Overview
Gemma 2 27B IT is a 27 billion parameter instruction-tuned model from Google, part of the Gemma family of lightweight, open models. It is a text-to-text, decoder-only large language model, available in English with open weights. The model was trained on a diverse dataset of 13 trillion tokens, including web documents, code, and mathematical text, to enhance its capabilities across various domains.
Key Capabilities
- Text Generation: Excels at generating creative text formats, code, marketing copy, and email drafts.
- Conversational AI: Suitable for powering chatbots, virtual assistants, and interactive applications.
- Text Summarization: Can generate concise summaries of documents, research papers, and reports.

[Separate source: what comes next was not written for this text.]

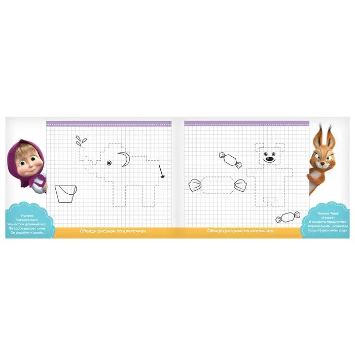 Внутри вы найдёте интересные задания. Выполняя их, малыш выучит буквы и подготовит руку к письму. Также в книге есть забавные иллюстрации с любимыми героями мультфильма «Маша и Медведь».

- Reasoning: Demonstrates strong performance in reasoning tasks, as evidenced by benchmarks like MMLU (75.2) and GSM8K (74.0).
- Code Generation: Achieves a pass@1 score of 51.8 on HumanEval and 62.6 on MBPP, indicating proficiency in code-related tasks.
Training and Infrastructure
The model was trained on Google's latest generation [Tensor Processing Unit (TPU)][tpu] hardware (TPUv5p) using [JAX][jax] and [ML Pathways][ml-pathways]. This infrastructure provides significant computational power, memory, and scalability, contributing to the model's performance and efficiency.
Ethics and Safety
Google has implemented rigorous CSAM and sensitive data filtering during data preprocessing. The model underwent extensive ethics and safety evaluations, including red-teaming and benchmarks like RealToxicity and BBQ, to ensure adherence to internal policies and responsible AI development.